Mays, a self-employed Athens resident who chose to remain uninsured the past four years, is optimistic about the changes that will come eventually. “If they get the technology right and the website begins to process applications easily, I think everybody will realize how great it is and begin to get on board,” she says. “I feel like we’re right there.”

Mays says her frustration extends to the fact that Georgia has yet to expand Medicaid or implement a state exchange, so she’s competing on a national level for website access. Gov. Nathan Deal is opposed to Medicaid expansion, saying it would cost the state too much, even though the federal government would pick up almost the entire tab, and expansion would insure hundreds of thousands of Georgians, help hospitals struggling to provide charity care and pump billions of dollars into the state’s economy.
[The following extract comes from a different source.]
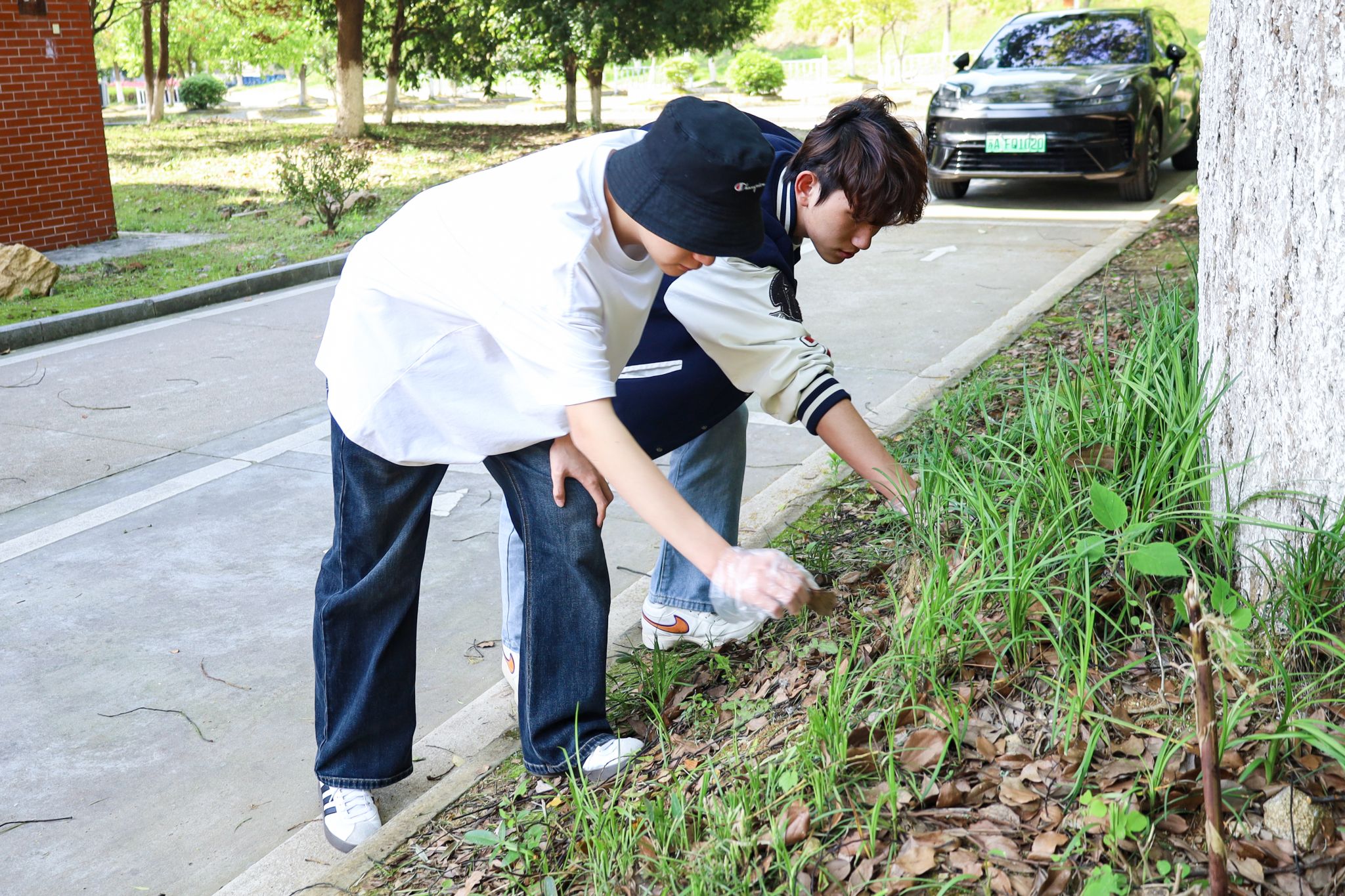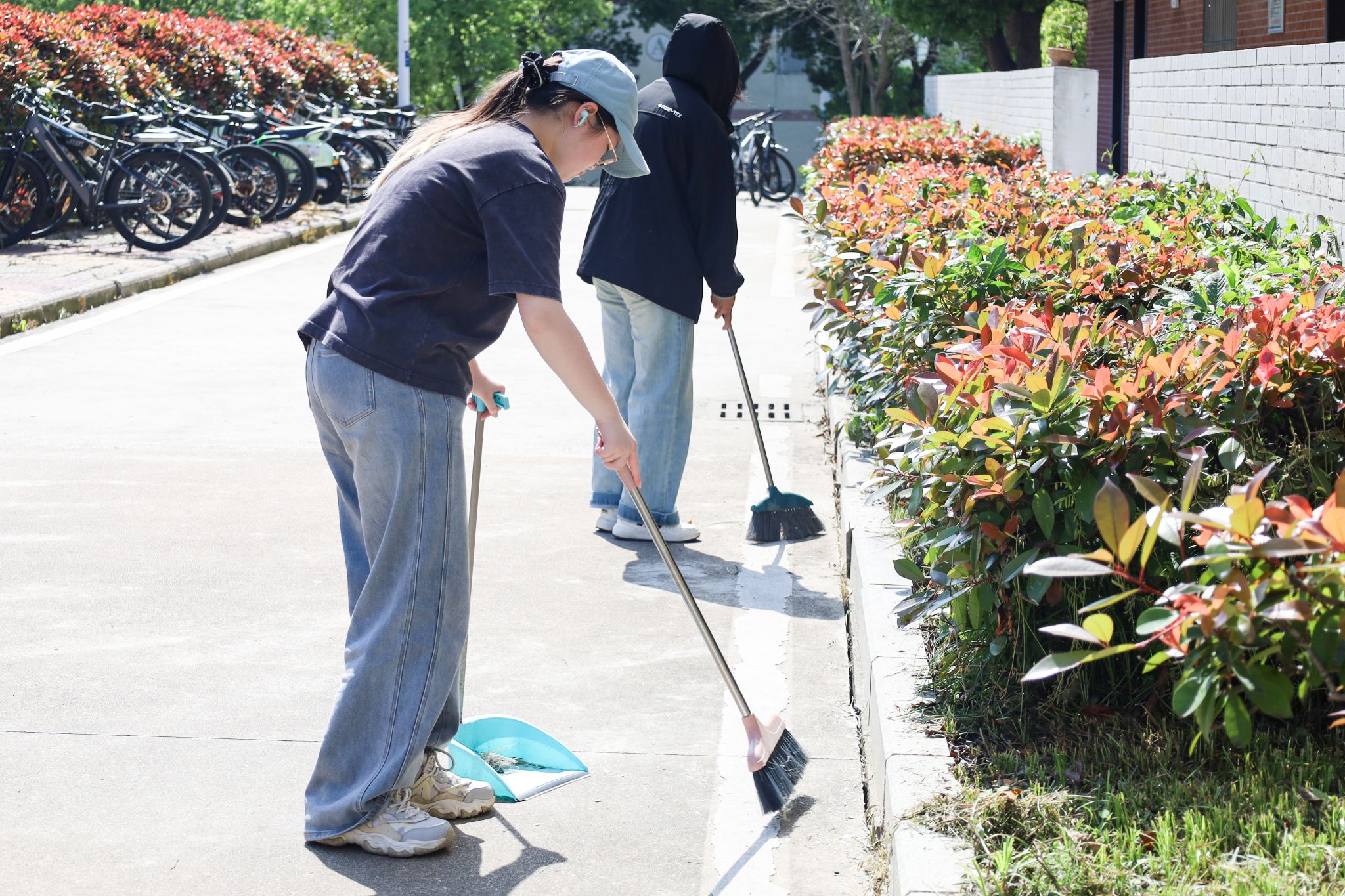 本次活动打破传统校园清扫的单一模式,不再局限于基础环境清扫。志愿者分成若干小组,俯身清理广场杂物,同步筛选收集香樟叶、梧桐叶、枯枝、竹片等材料。各类形态、色调不一的自然材料被分类收纳,既完成了校园环境清理,也为后续艺术创作备足素材,实现劳动清扫与创意取材同步推进。

At the end of October, the Georgia Hospital Association and the Medical Association of Georgia—both major lobbying powers under the Gold Dome—joined the Georgia Rural Health Association and Georgia Alliance of Community Hospitals in urging state lawmakers to approve the expansion. On Nov. 6, a state Senate committee looked at compromise proposals that other states have tried, but committee members said the plans don’t fit well with Georgia’s population needs.
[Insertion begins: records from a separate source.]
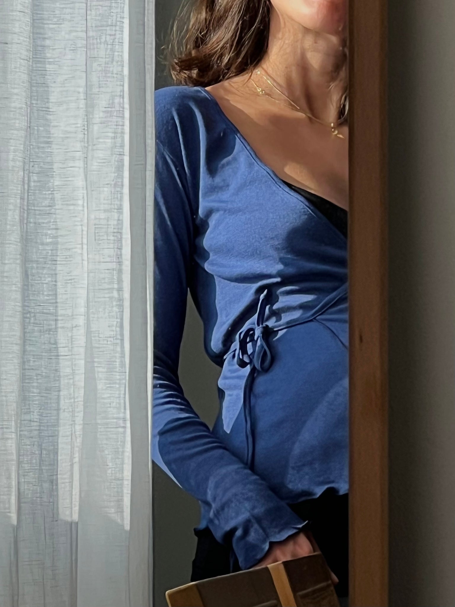 Maglia modello scaldacuore incrociato, si chiude infilando il laccetto nell’asola laterale e legandolo sul lato, davanti o dietro, come si preferisce.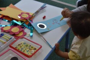 はじめに、シールやペンを使って、こいのぼりを作りました!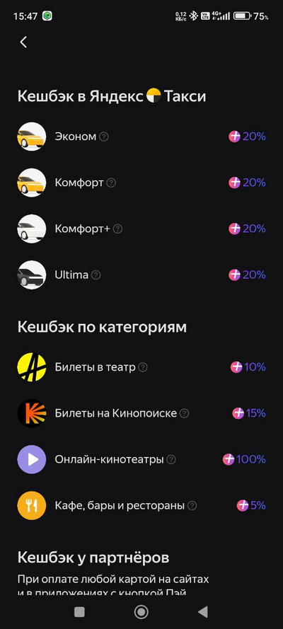 Но и этого стало мало. Теперь баллов Плюс в Яндексе не стало совсем, ни на какие виды машин такси вплоть до бизнеса, если... Если не установишь ЕЩЁ одно здоровенное приложение Яндекс.Пэй и не заведешь в нем карту Яндекс.Пэй. А существующие категории кэшбека для пользователей других карт стали фантастически "нужными и выгодными":

“I think it’s to the point where it’s going to happen with Medicaid,” Mays says. “But on my end, if I can’t get on the site by Thanksgiving, I’m going to call up and do this over the phone.”

The hotline number is 1-800-318-2896.

 Recently married in March, Mays is hesitant to join her husband’s insurance, which he pays for out-of-pocket as an Athens chef. Though the couple would like to have a child, they’ve decided to wait until their insurance situation settles first. “It’s frustrating to feel like you can’t live the life you want to live because you can’t pay a hospital bill,” she says. “But I still think any insurance plan would be better than no plan at this point.”
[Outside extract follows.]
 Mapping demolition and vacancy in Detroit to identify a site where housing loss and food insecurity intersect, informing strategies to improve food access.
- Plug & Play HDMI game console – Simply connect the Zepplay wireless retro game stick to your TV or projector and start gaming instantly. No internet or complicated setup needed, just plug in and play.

Like Mays, Mutimer is waiting to decide his next steps. An avid follower of news and politics, he’s worried ACA won’t address the larger problem of health care costs in America.

“Right now, the majority of people who will benefit have pre-existing conditions and Medicaid, and few healthy people have signed up on the exchange to offset those costs,” he says. “I’m not an economist, but I would say this could have been predicted.”

Mays is also listening to friends who have health insurance through local and national employers. Their health plan costs are increasing as well. “This is happening regardless of ACA, and a narrow band of people are really being affected,” he says. “The folks like me in the working lower and middle class are the people getting [hurt].”